Please set down exactly the lines of the listing below from the line containing "微安表必須有金屬屏蔽,應采用" through the line containing "On June 5, searches", both lines included, leaving out all other lines.

» Records:
-- Opening Marker --
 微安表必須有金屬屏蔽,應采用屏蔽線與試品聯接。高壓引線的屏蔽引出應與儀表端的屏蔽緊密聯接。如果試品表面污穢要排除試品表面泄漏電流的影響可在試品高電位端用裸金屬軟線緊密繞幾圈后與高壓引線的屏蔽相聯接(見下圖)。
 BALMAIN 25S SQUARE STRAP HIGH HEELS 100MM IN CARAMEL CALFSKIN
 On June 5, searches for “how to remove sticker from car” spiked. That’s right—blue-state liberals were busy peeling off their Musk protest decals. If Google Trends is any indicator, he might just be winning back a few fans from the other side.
-- Closing Marker --
-- Opening Marker --
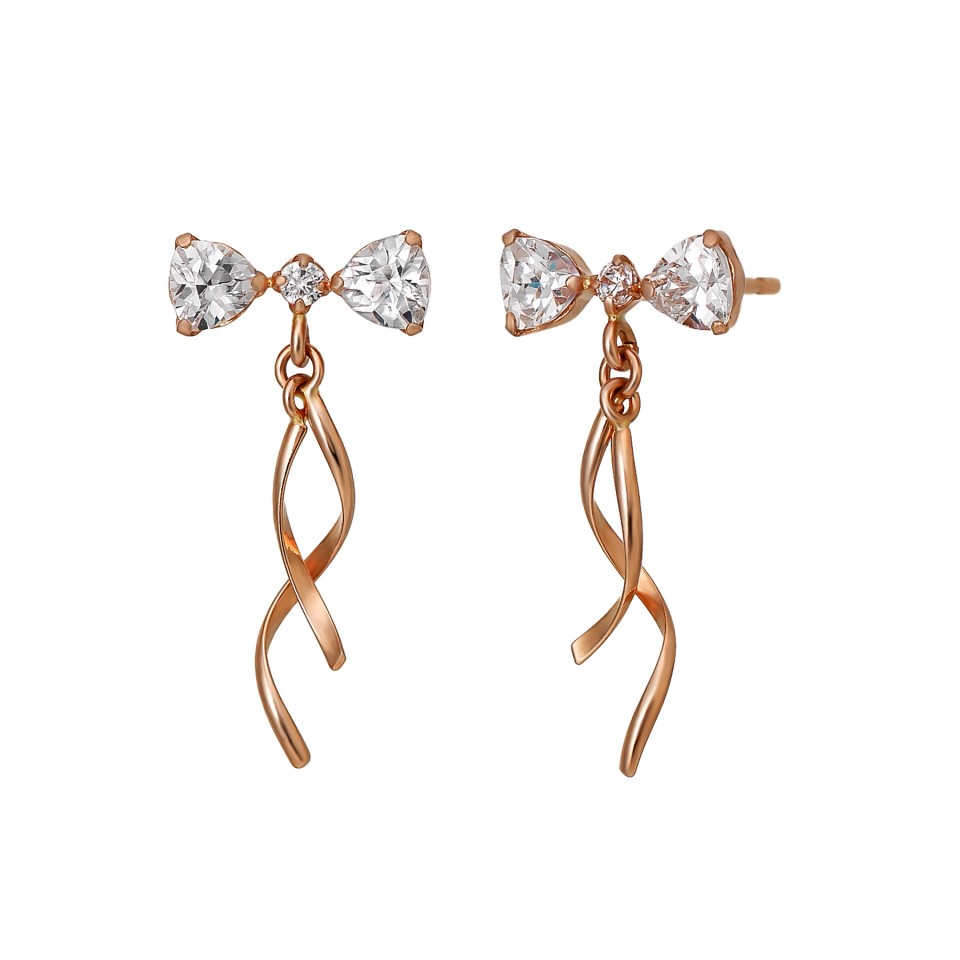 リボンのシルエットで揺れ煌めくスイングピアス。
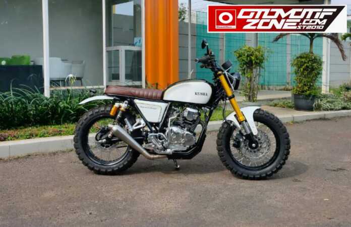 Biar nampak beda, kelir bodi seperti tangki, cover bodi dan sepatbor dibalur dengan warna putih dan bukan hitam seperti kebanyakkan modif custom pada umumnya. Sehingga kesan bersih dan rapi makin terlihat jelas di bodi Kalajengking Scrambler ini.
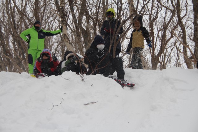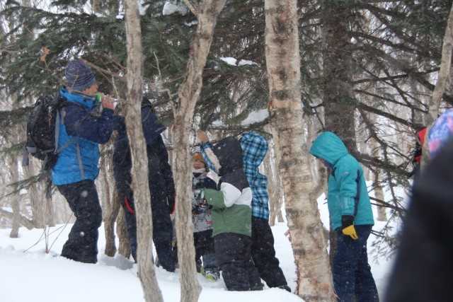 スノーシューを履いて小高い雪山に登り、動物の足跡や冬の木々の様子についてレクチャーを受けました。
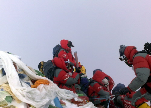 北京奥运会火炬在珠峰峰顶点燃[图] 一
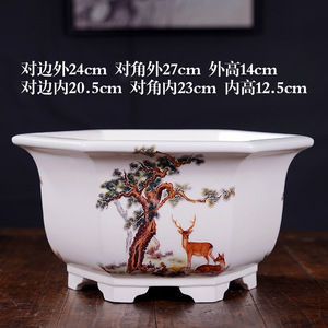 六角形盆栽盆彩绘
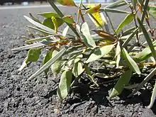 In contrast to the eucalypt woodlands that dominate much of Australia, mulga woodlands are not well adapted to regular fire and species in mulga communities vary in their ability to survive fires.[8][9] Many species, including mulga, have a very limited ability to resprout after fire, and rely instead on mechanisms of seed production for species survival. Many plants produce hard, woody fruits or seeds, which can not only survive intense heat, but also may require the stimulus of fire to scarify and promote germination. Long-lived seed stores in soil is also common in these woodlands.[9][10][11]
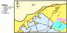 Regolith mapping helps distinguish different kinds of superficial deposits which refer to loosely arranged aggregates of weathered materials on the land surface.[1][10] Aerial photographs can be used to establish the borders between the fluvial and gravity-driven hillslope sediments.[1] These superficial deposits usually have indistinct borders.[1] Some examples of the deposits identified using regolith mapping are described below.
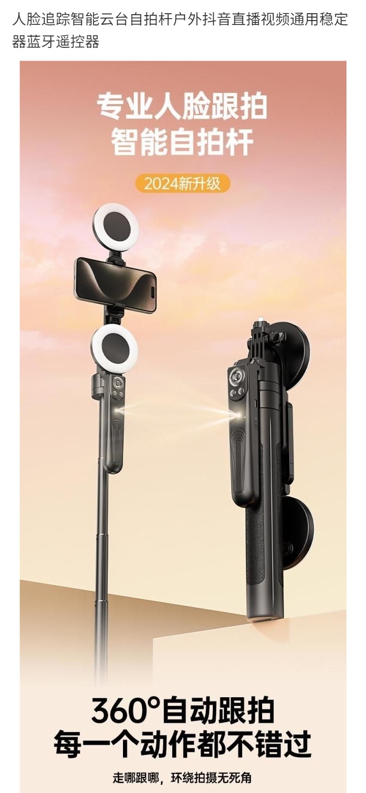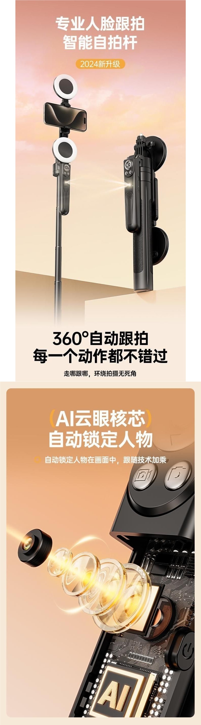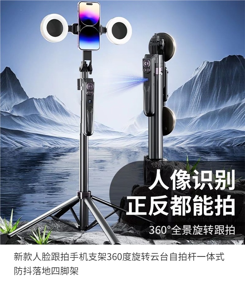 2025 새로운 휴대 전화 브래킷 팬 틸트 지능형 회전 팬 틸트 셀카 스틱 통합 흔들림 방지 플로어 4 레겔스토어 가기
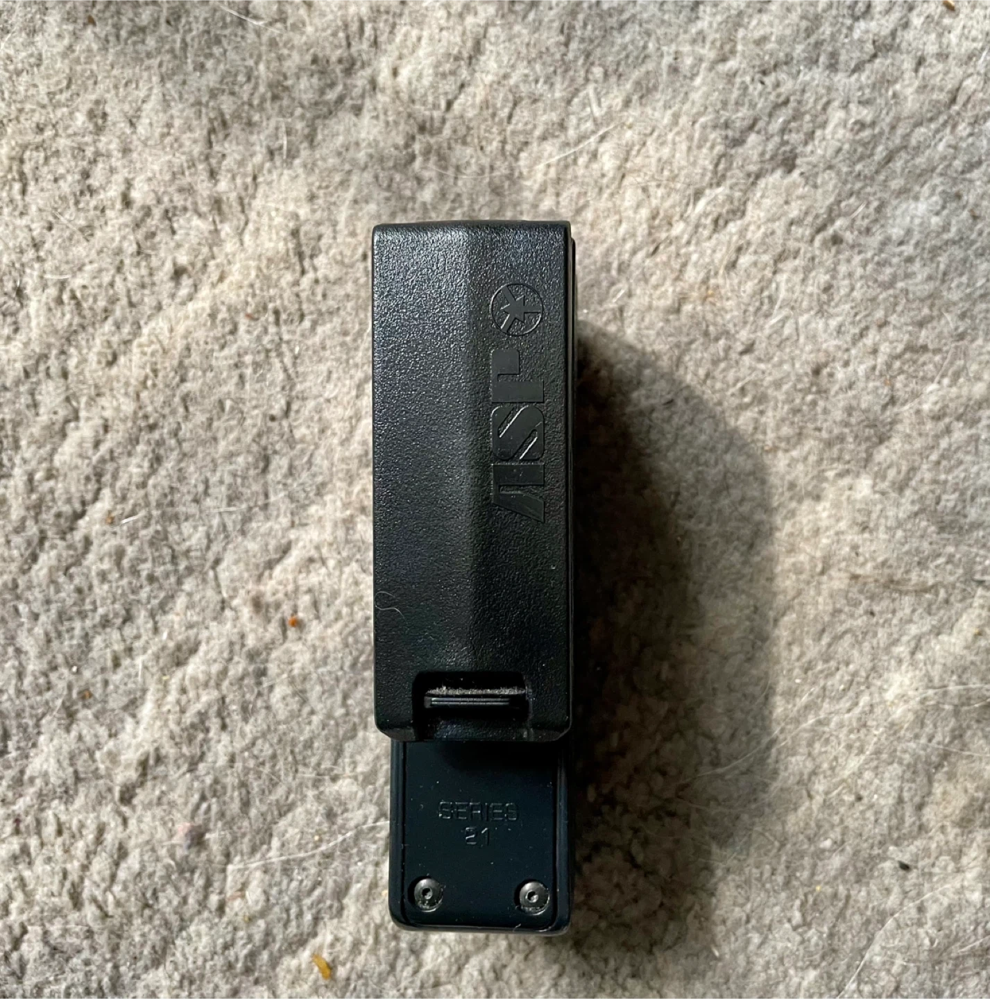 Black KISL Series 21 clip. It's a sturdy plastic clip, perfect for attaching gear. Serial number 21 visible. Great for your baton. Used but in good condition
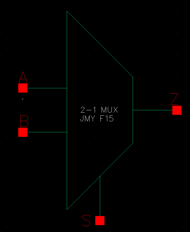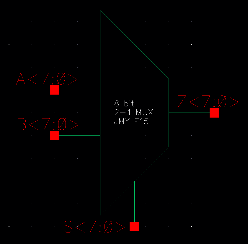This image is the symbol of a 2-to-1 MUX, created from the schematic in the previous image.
-- Closing Marker --
-- Opening Marker --
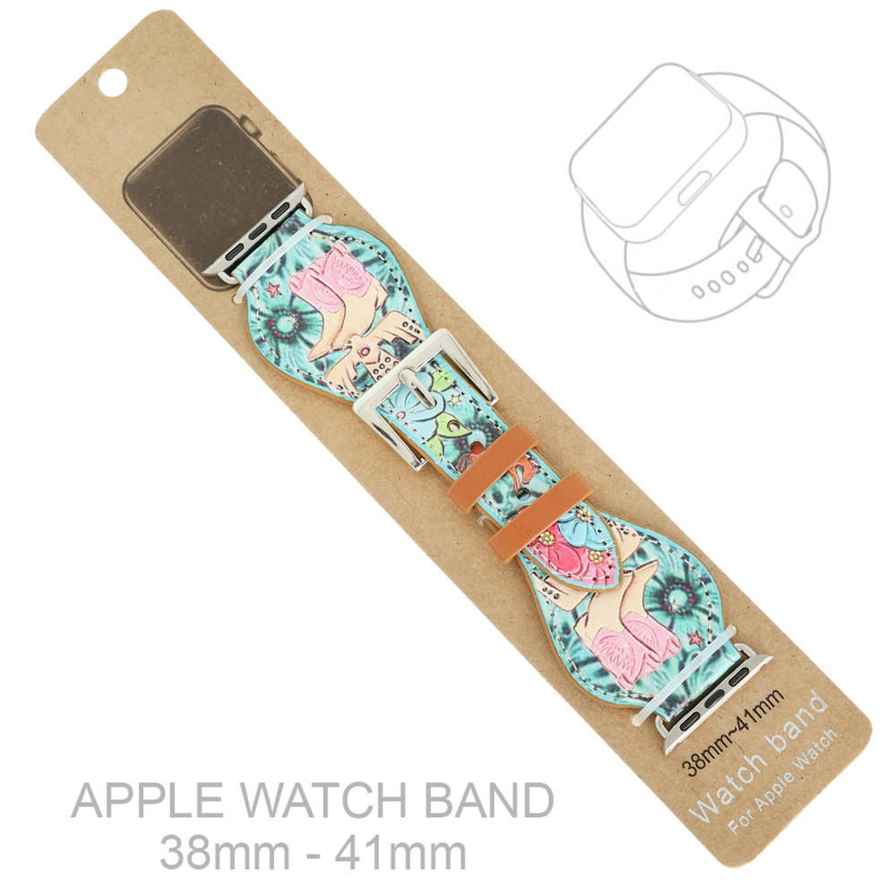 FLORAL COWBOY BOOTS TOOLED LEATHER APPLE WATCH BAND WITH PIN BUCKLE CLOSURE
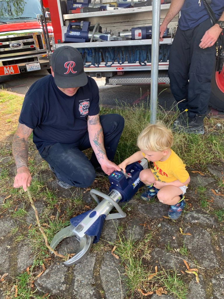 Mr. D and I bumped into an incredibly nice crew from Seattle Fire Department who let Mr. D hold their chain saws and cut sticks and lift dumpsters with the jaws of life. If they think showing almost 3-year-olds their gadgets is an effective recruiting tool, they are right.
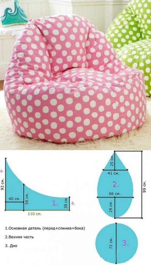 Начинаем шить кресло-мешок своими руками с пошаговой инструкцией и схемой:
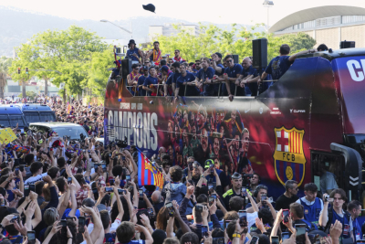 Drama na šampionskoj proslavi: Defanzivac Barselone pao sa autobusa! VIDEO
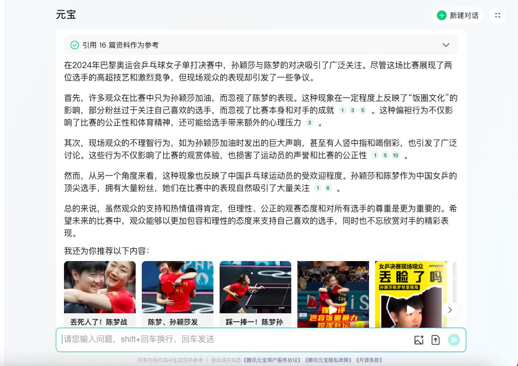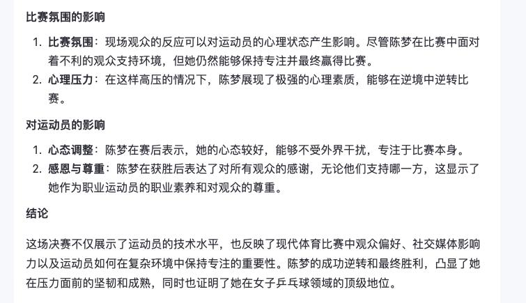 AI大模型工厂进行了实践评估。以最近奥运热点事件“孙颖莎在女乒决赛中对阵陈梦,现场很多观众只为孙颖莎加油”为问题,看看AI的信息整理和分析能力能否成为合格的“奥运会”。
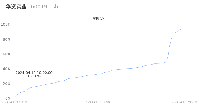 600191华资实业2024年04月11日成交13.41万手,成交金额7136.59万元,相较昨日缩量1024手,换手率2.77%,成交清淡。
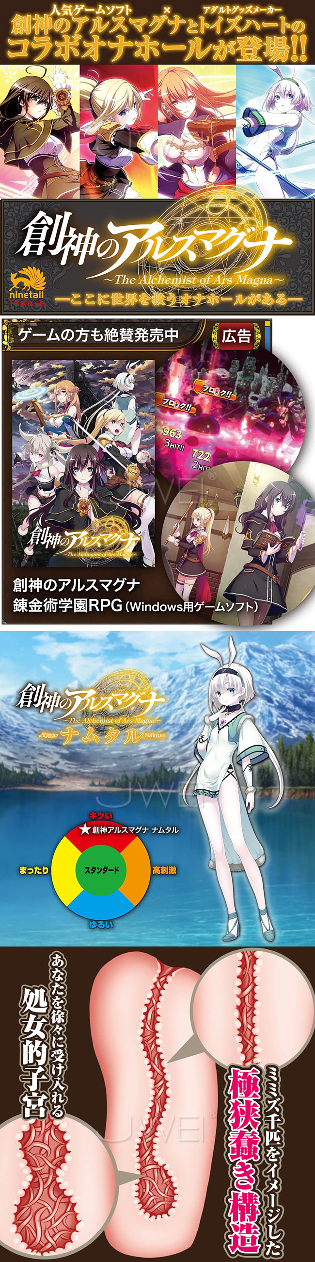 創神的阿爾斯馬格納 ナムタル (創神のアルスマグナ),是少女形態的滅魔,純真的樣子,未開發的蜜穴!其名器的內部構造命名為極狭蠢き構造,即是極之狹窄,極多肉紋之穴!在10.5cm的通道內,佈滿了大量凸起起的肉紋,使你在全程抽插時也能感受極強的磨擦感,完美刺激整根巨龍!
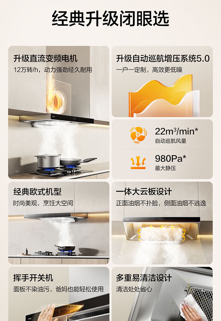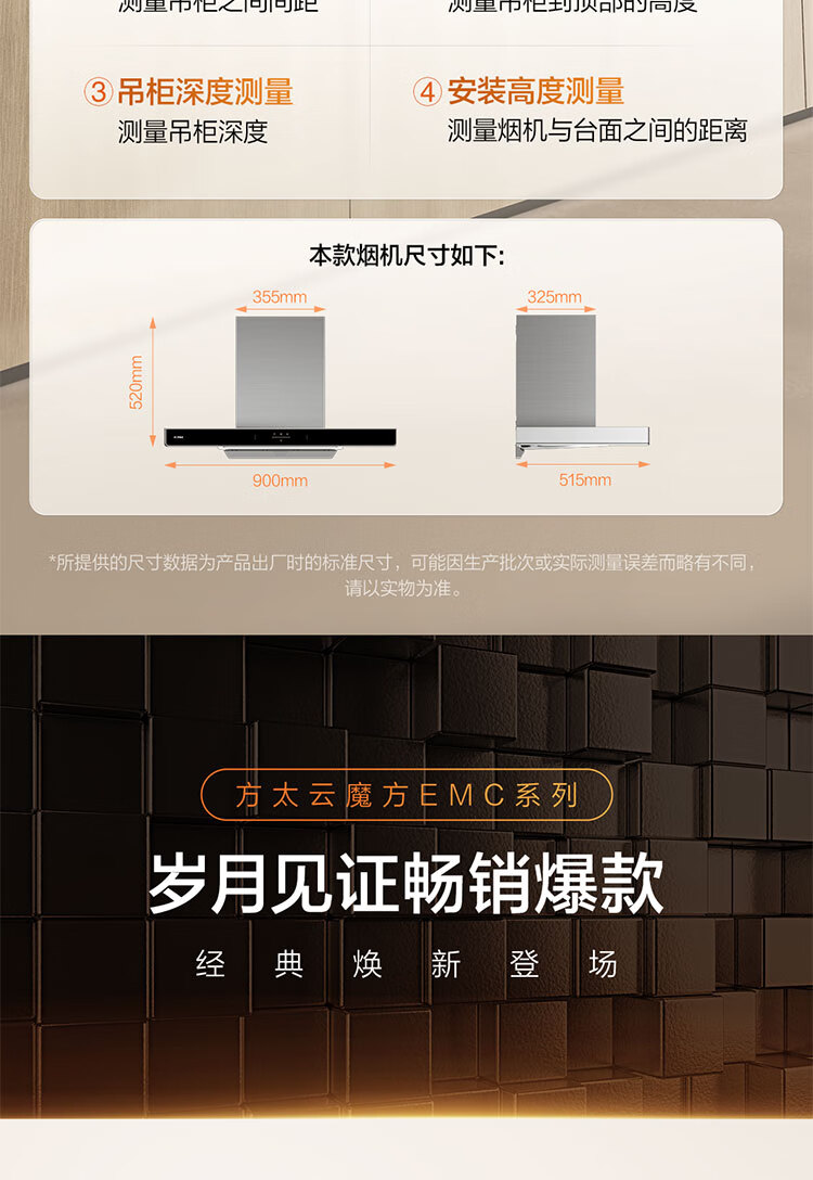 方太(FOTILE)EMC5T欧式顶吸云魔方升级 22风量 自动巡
-- Closing Marker --
» Solution to this problem:
 微安表必須有金屬屏蔽,應采用屏蔽線與試品聯接。高壓引線的屏蔽引出應與儀表端的屏蔽緊密聯接。如果試品表面污穢要排除試品表面泄漏電流的影響可在試品高電位端用裸金屬軟線緊密繞幾圈后與高壓引線的屏蔽相聯接(見下圖)。
 BALMAIN 25S SQUARE STRAP HIGH HEELS 100MM IN CARAMEL CALFSKIN
 On June 5, searches for “how to remove sticker from car” spiked. That’s right—blue-state liberals were busy peeling off their Musk protest decals. If Google Trends is any indicator, he might just be winning back a few fans from the other side.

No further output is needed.